Природа Будды, и в этом его сущностное отличие от Христа, ничем не отлична от природы других. По определению Глазенаппа, Будда - «ни Ишвара, управляющий космосом, ни будущий владыка мира, ни человеческое воплощение вечного Создателя и Правителя. Он - человек - перешедший человеческие границы». Границы, заметим, не онтологические, а экзистенциальные. Среди следствий этого факта два - наиболее важны: первое - религиозная миссия Будды в своих целях не может простираться до изменения бытийной ситуации человека, до внесения онтологического разрыва в ход истории человечества как единого субъекта, до осуществления онтологического перелома внутри отношений этого субъекта с трансцендентной реальностью (в буддизме присутствие лично Бога и лично человека, соединенных отношением друг к другу, вообще не фиксируется); второе - что Будда может сделать для человека, это показать, что его путь доступен каждому: любой может и должен повторить его в пределах ресурсов собственной же природы. «Спасает не Будда, а указанный им путь, следуя по коему, каждый может спастись собственными силами. Ясно, таким образом, что буддизм есть учение о спасении без спасителя, а в этом - его столь существенное отличие от христианства, что для усвоившего одну эту черту становится невозможным говорить о сходстве между двумя учениями».

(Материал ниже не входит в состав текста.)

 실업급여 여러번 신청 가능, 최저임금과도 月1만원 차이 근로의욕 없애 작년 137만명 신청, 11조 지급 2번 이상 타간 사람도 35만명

Просветление, полученное Буддой под деревом, известно субъективно. Ему в бытии нет свидетеля и участника. Просветление Будды ограничено его собственным присутствием и другим является только как слова. Он не был ничьим сыном, чтобы действительность Его прихода была подтверждаема криком Отца, чтобы полноту его обладания бытием подтверждала отмена болезни и смерти.

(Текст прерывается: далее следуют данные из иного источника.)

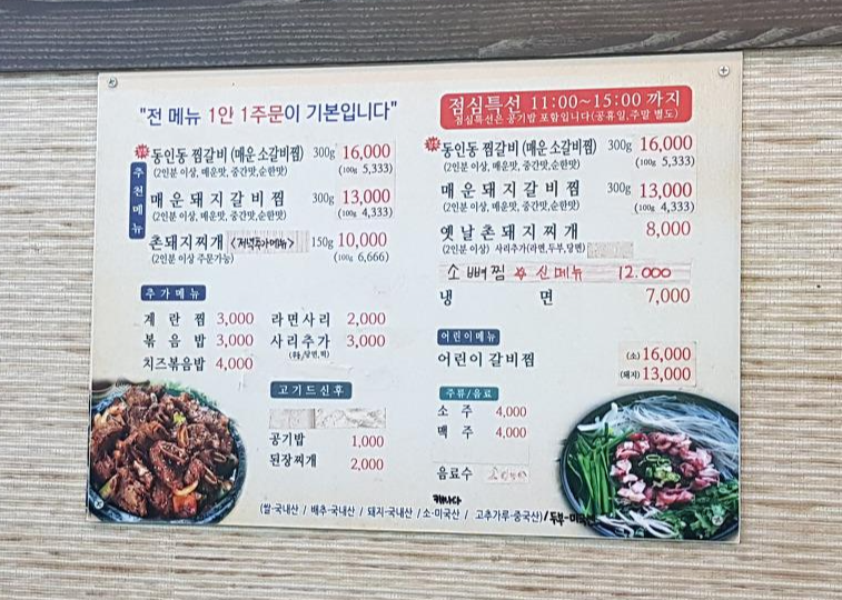 들어가면 메뉴판은 따로 주지 않고 홀 내부에 걸려있는 메뉴판을 보고 주문하면 된다. 동인동 찜갈비 중간맛으로 2인분을 주문했다. 우리가 주문한 시간은 3시 전이라 점심특선으로 주문이 가능했고 공기밥이 포함해서 나왔다.

Свидетельство просветления, обращенное Буддой бытию других, содержится не в благовестии, не в возгласе опыта Жизни вечной: существование к страданию осуществимо перевести в режим ничтожения, реализовать бытие к смерти. Онтологическая открытость страданию спровоцировала в Будде добровольное произволение к отречению от бытия как носителя страдания; онтологическая непричастность к страданию Христа как Бога, силой Его любви к страдающим, реализовалась в добровольном причастии человеческому бытию и страданию - как его следствию. Не для того, однако, чтобы покинуть затем это бытие, но чтобы, сделав его Своим, очистить и от страдания и от ничто.

Раз бытие не дифференцировано, нет объективно обладающего полномочиями этого бытия, никто не может никого спасти - спасает не Будда, а показанный им путь. Но если есть только путь, то Будда - не первый, не последний - не единственный. Он и сам, во всяком случае, признавал, что на пути к последней жизни, «почитал сотни миллионов Будд и даже больше, (неисчислимое количество), подобное числу песчинок Ганга...». В том, что не все существа - Будды, не его единственность, а их не старательность, фундированная в неведении: «Хотя все существа наделены природой Будды, из-за неведения, с безначальных времен поглотившего их, они не видят ее (т. е. природу Будды) и пребывают в круговращении рождений и смертей». Весть, воплощенная буддизмом в Будде, - для спасения не нужно спасителя, никто не заинтересован ни в чьем бытии. Современный, ментально западный человек, своим согласным интересом к буддизму, сам собой раскрыл тайну его современности – не нужда в другом, одинокая заброшенность в мир и одиночное, главное - независящее, высвобождение из него.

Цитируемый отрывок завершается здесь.